### DATA EXTRACTS ###

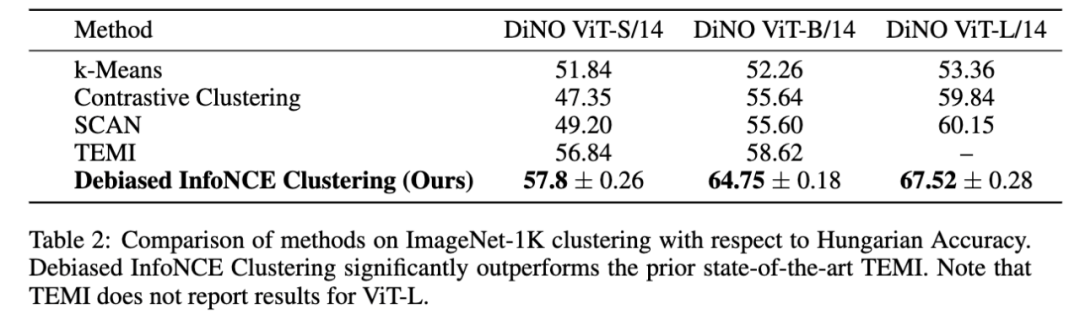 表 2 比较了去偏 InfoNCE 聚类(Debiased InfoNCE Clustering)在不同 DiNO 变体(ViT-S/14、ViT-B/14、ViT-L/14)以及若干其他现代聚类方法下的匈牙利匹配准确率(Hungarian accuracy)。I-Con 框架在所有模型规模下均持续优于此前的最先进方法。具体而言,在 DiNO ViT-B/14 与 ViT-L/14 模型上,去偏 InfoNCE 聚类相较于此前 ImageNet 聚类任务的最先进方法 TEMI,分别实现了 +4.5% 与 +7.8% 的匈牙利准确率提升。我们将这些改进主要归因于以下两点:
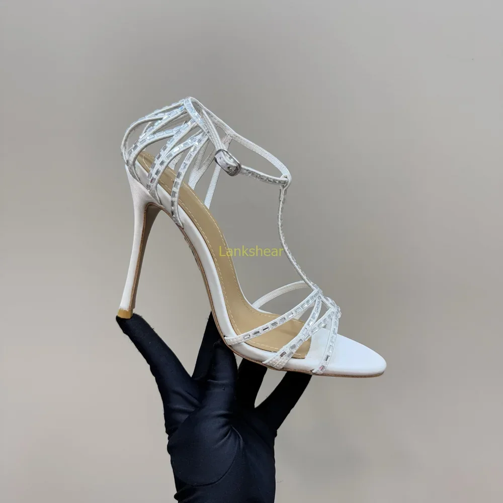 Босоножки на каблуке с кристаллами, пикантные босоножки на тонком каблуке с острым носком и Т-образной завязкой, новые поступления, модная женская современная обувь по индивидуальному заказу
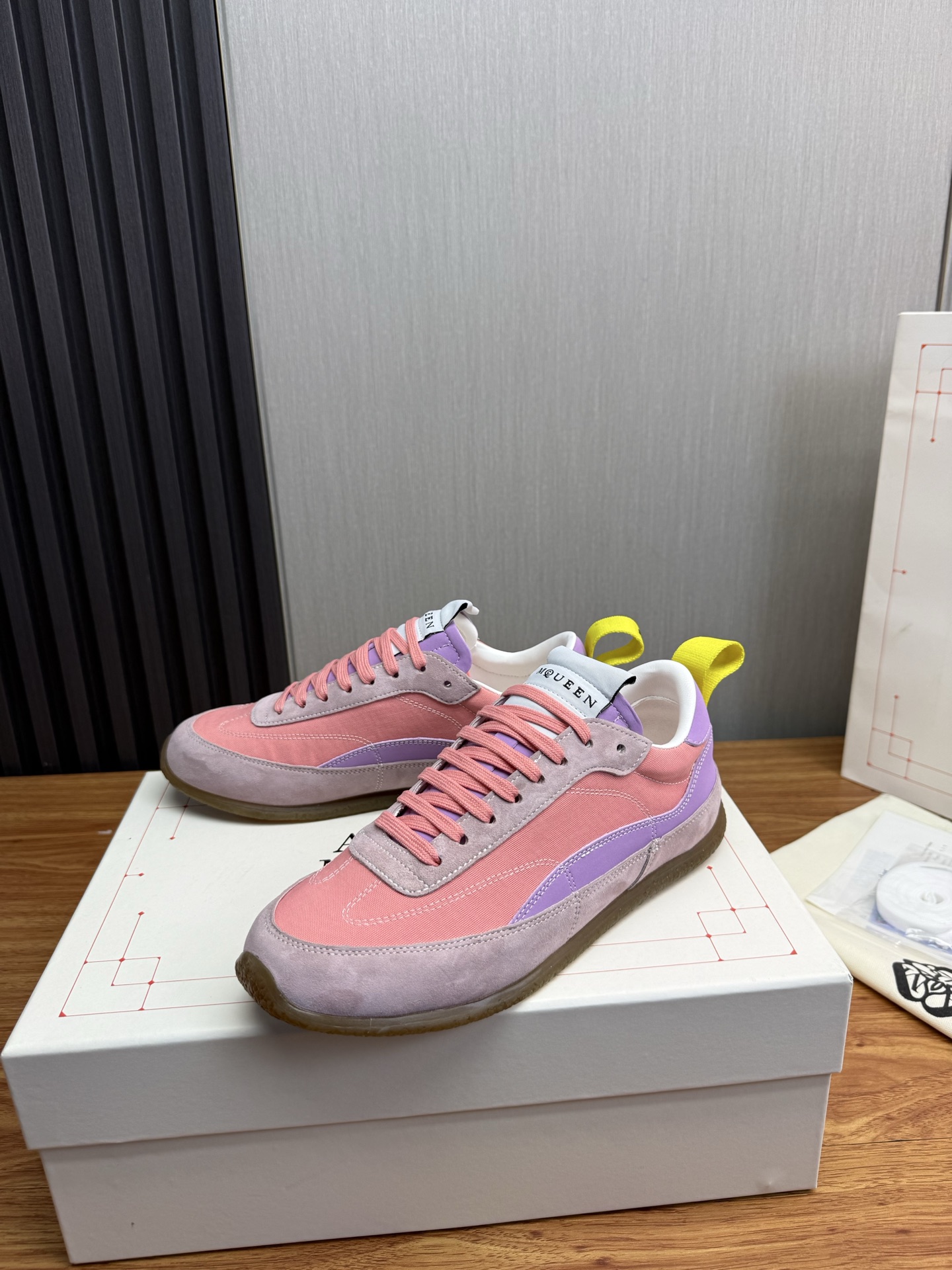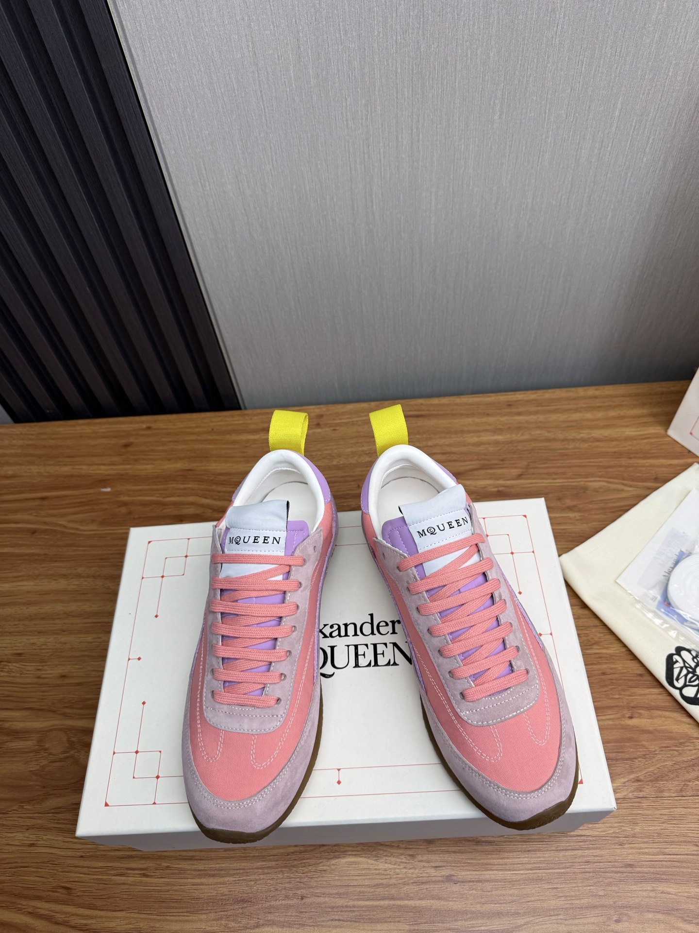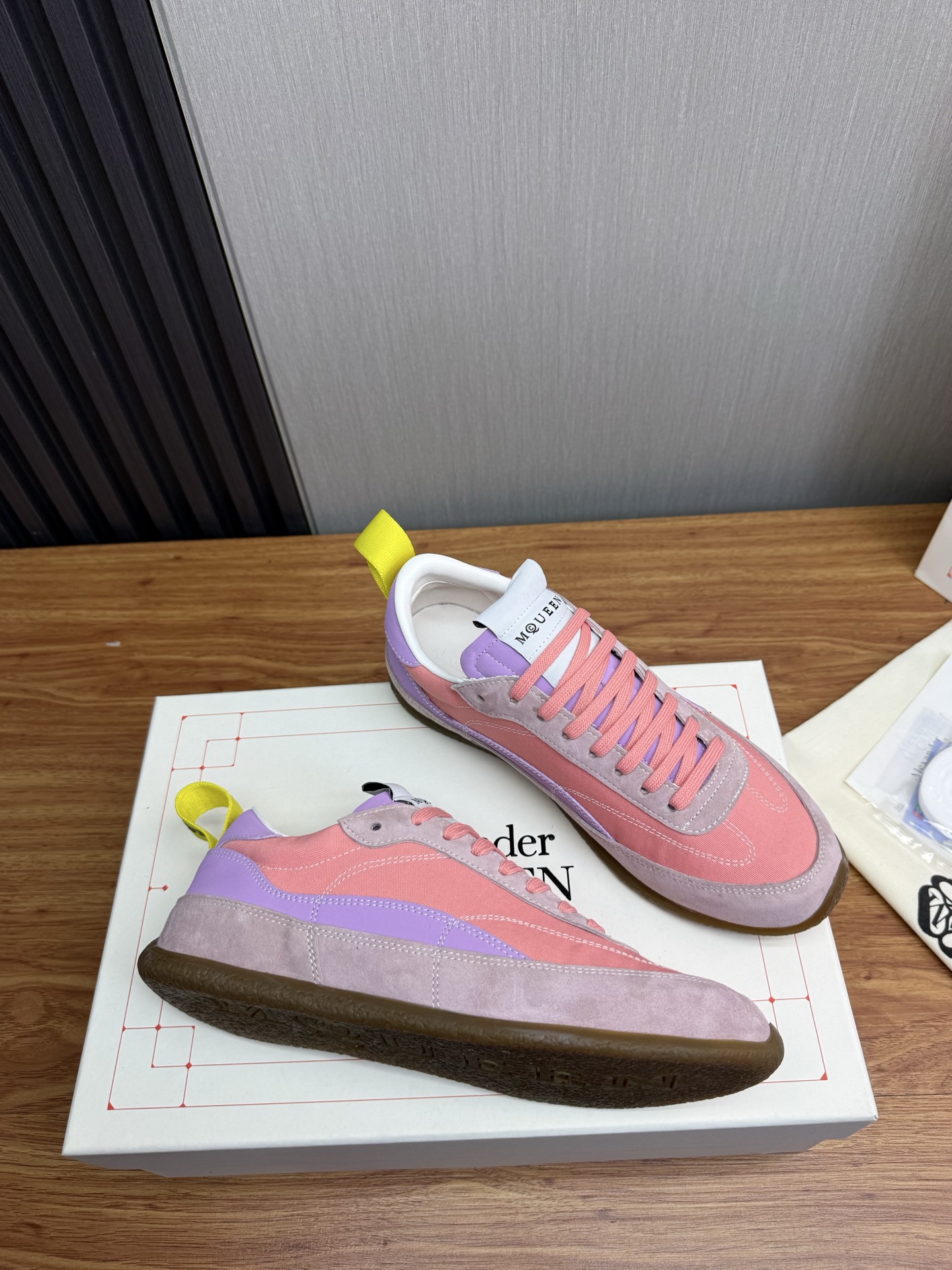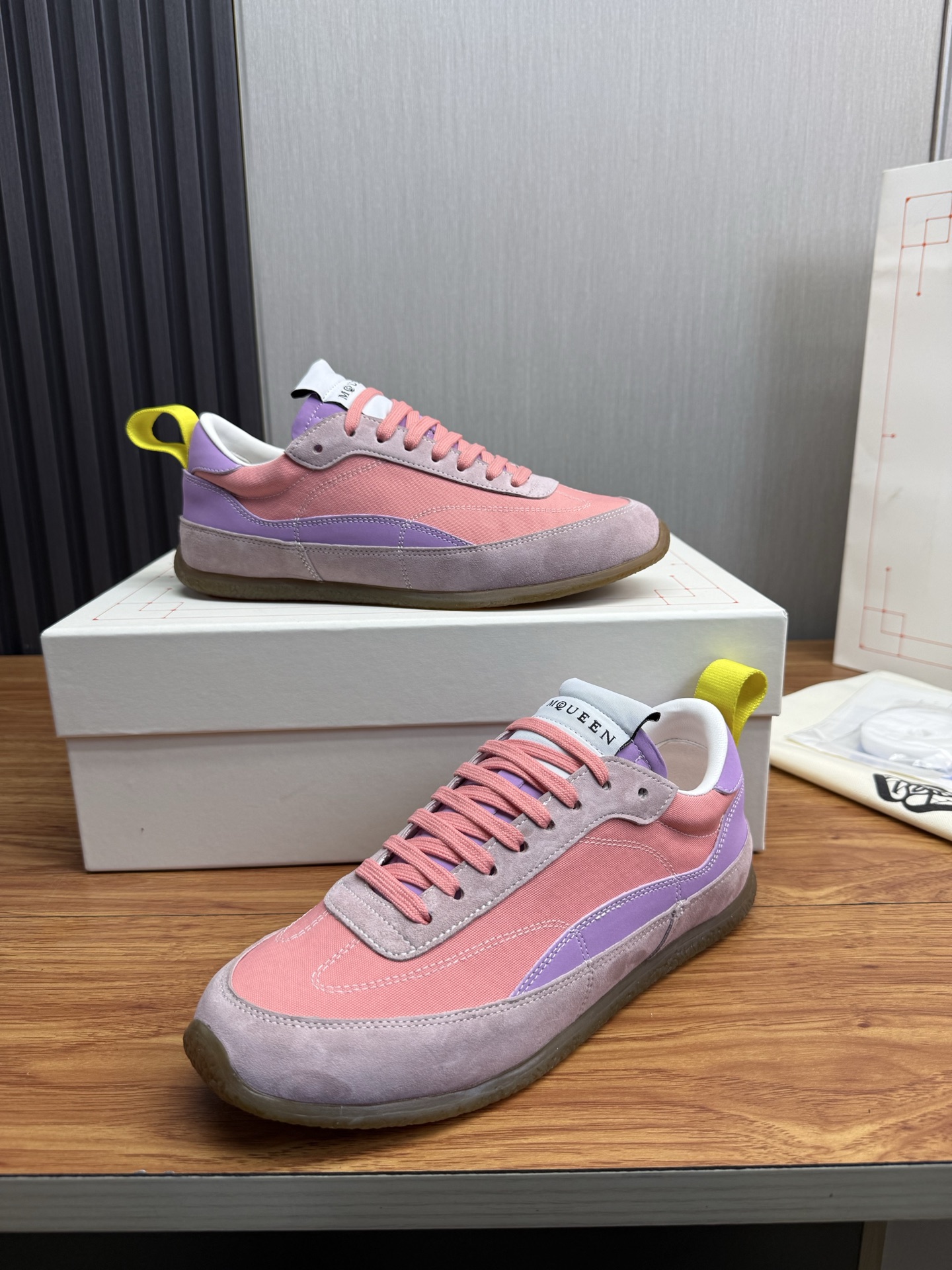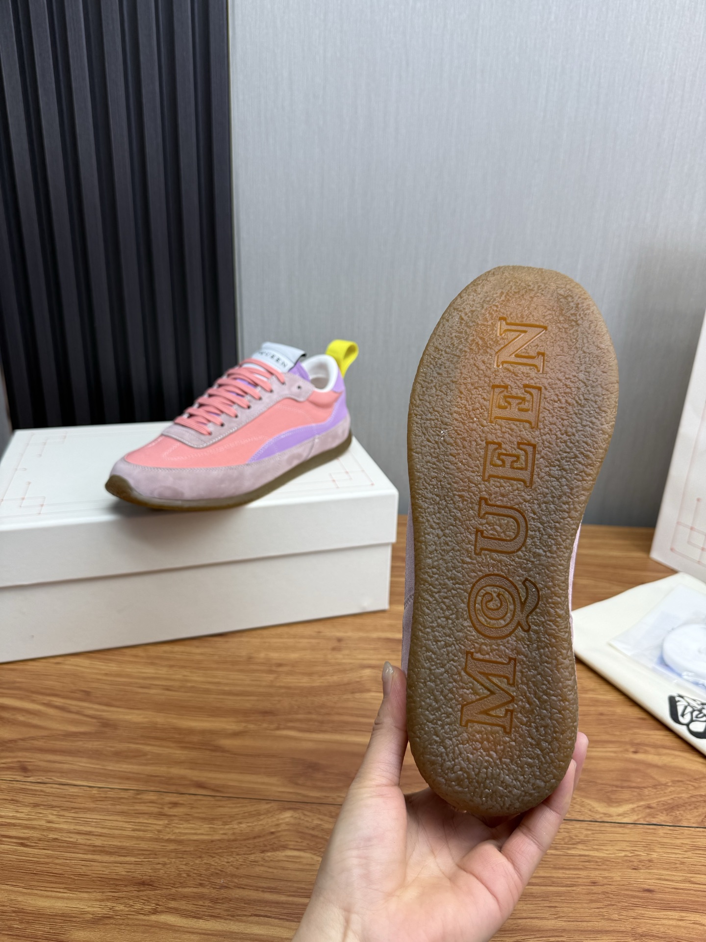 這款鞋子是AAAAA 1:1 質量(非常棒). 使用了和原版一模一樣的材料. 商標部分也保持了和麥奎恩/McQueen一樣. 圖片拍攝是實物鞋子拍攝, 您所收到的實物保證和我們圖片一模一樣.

###
### DATA EXTRACTS ###

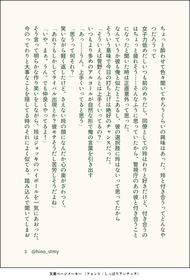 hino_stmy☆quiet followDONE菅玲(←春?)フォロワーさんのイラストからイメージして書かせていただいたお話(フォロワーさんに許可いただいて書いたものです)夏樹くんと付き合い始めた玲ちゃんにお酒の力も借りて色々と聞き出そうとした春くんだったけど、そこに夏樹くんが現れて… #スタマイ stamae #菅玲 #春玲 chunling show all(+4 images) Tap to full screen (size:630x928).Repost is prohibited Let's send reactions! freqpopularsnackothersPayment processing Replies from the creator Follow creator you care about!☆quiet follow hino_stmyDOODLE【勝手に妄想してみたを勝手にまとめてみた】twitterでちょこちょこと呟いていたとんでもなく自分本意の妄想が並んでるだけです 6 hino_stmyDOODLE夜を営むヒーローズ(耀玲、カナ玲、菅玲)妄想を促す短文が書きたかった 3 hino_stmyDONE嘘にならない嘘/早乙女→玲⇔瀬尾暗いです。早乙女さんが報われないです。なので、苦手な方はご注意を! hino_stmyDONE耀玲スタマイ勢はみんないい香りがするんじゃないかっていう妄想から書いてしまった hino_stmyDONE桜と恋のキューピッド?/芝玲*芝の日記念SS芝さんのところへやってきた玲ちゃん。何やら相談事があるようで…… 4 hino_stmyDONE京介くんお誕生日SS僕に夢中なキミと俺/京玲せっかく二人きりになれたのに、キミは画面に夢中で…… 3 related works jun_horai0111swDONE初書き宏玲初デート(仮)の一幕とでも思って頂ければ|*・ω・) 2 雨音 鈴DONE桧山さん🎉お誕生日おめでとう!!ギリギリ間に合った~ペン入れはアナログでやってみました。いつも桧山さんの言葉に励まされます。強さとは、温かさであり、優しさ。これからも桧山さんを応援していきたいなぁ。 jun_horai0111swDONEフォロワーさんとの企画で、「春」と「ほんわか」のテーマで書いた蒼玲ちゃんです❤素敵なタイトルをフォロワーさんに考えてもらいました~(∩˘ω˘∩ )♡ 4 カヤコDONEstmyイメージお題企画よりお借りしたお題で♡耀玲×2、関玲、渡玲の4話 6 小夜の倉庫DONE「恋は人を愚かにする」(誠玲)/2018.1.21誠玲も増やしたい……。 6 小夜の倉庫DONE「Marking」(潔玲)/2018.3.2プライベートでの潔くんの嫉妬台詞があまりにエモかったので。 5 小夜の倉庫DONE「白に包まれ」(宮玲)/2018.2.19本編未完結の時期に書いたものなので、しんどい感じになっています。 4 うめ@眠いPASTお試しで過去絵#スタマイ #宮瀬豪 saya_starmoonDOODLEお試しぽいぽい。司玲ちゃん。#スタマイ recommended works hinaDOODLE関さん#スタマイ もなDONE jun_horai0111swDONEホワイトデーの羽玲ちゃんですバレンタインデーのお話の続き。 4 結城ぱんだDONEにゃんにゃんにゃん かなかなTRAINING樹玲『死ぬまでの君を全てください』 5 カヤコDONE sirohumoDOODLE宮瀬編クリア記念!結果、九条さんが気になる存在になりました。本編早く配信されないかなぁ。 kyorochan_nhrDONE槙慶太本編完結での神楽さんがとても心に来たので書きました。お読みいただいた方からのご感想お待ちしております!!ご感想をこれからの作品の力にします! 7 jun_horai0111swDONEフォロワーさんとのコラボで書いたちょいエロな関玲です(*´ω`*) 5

###
### DATA EXTRACTS ###

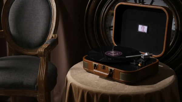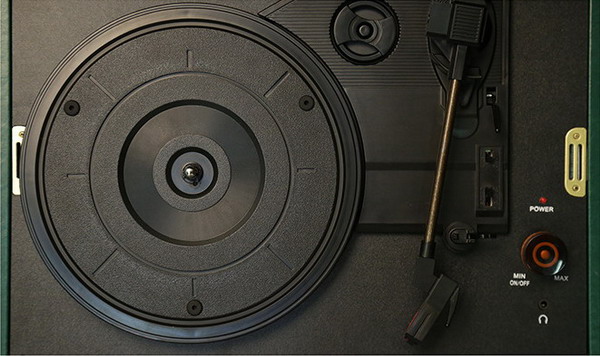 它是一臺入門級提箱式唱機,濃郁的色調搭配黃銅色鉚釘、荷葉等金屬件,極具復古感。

###

▸ **WHAT IS EXPECTED**: Of the records above, print only the lines from the one containing "表 2 比较了去偏 InfoNCE" through the one containing "Босоножки на каблуке", inclusive and unaltered, leaving out pictures.

▸ **OUTPUT FOR THIS TASK**:
 表 2 比较了去偏 InfoNCE 聚类(Debiased InfoNCE Clustering)在不同 DiNO 变体(ViT-S/14、ViT-B/14、ViT-L/14)以及若干其他现代聚类方法下的匈牙利匹配准确率(Hungarian accuracy)。I-Con 框架在所有模型规模下均持续优于此前的最先进方法。具体而言,在 DiNO ViT-B/14 与 ViT-L/14 模型上,去偏 InfoNCE 聚类相较于此前 ImageNet 聚类任务的最先进方法 TEMI,分别实现了 +4.5% 与 +7.8% 的匈牙利准确率提升。我们将这些改进主要归因于以下两点:
 Босоножки на каблуке с кристаллами, пикантные босоножки на тонком каблуке с острым носком и Т-образной завязкой, новые поступления, модная женская современная обувь по индивидуальному заказу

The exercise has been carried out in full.